Work required
Using the data below, output a verbatim copy of the lines between the one holding "Data Collection: By" and the one holding "Generate recurring profiles", inclusive, without any pictures.

Data extracts Block Start

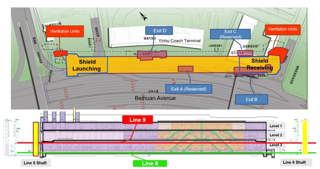 Yinhu metro station is the 13th underground station on Line 9 of Shenzhen Metro, with Line 6 crossing over, connected by its underground level 3. It sits on the side road of Beihuan Avenue, an arterial road that allows vehicles to run at a maximum speed of 80 KM/H. Immediately on the project’s north side stands Yinhu Plaza, a long-distance coach terminal, with an old automobile repair garage nearby – a four-story dilapidated building, both of which make the construction environment very challenging: the coach terminal’s regular functioning and the structure of the garage had to be secured during the construction period.
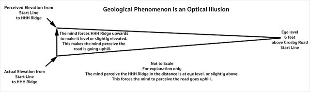 Data Collection: By walking from the start line to the green utility post (#12000058, near the silo), some 520 feet to the south on Crosby Road with a GPS altimeter, the road drops 36 feet in total. The road actually goes downhill over the total distance even though it feels as if a person is walking uphill.
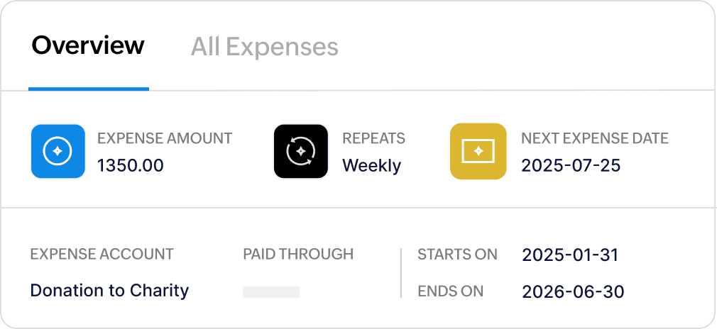 Generate recurring profiles for expenses that regularly occur and automatically record them in Zoho Books.
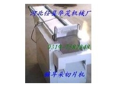 4、接通电源即可切片,切片的厚薄由切刀前方的调架丝来决定,切成的片会直接送到压花刀上,即可压成各种花形,压花刀与输送带是由链条传动的,他们是同步进行的。若不同时进行时,可把压花刀卸下。
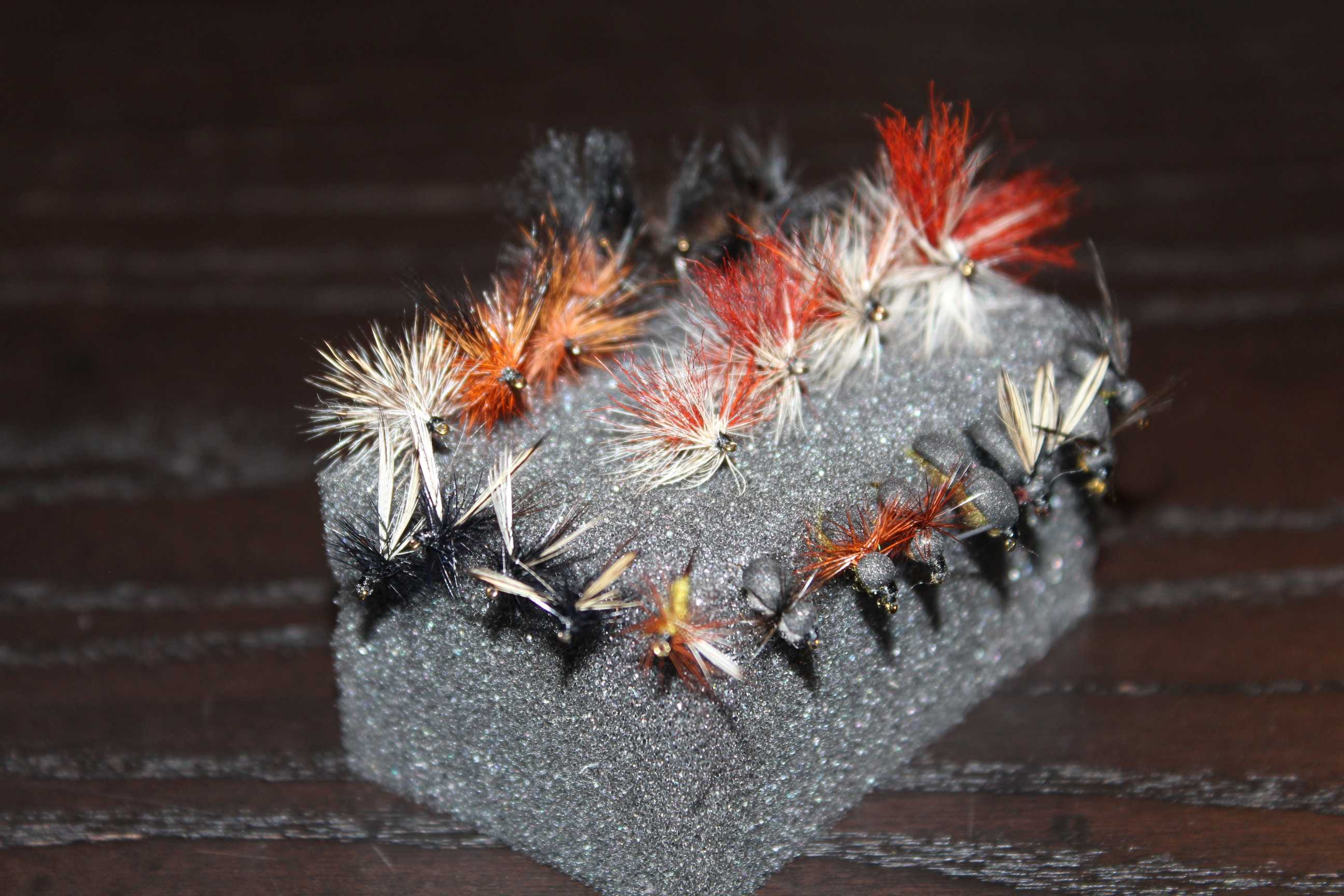 Tuleb sidumismaterjalid välja otsida ja hakata aega võtma... Plaan juulis nina põhjapoole sättida, seekord vahelduseks forell-paalia-harjus. Hakkasin vaikselt pinnakatega pihta. Mõned Nalle Puhhi versioonid, Black Dunnid, Murkkud ja muud sipelgad, Europa-12... ja nende variatsioonid. Sepaga olen vist ühel lainel olnud, tegin ka mõned sipelgad ja mõtlesin tuumaroosa peale. Roosa jäi veel tegemata, kuna roosa foam oli Andreil otsas.
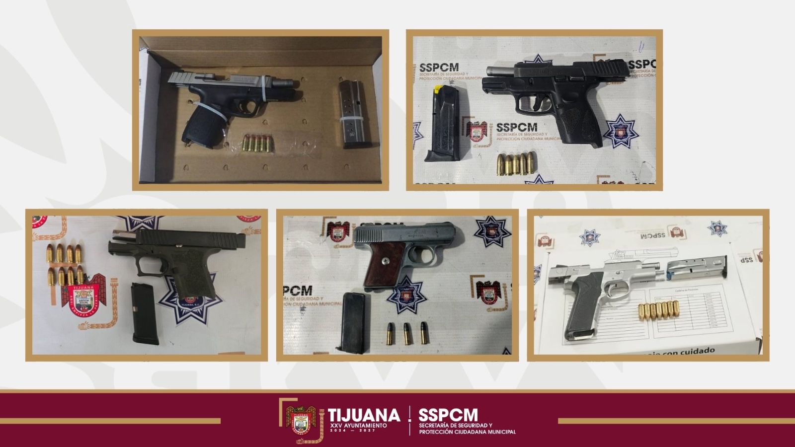 La Secretaría de Seguridad y Protección Ciudadana Municipal refrenda su compromiso de continuar fortaleciendo los patrullajes preventivos y operativos estratégicos en las colonias de la ciudad, destacando la importancia del retiro de armas de fuego de las calles, acciones que contribuyen directamente a salvaguardar la integridad y tranquilidad de la comunidad tijuanense.

Data extracts Block End

Final answer
 Data Collection: By walking from the start line to the green utility post (#12000058, near the silo), some 520 feet to the south on Crosby Road with a GPS altimeter, the road drops 36 feet in total. The road actually goes downhill over the total distance even though it feels as if a person is walking uphill.
 Generate recurring profiles for expenses that regularly occur and automatically record them in Zoho Books.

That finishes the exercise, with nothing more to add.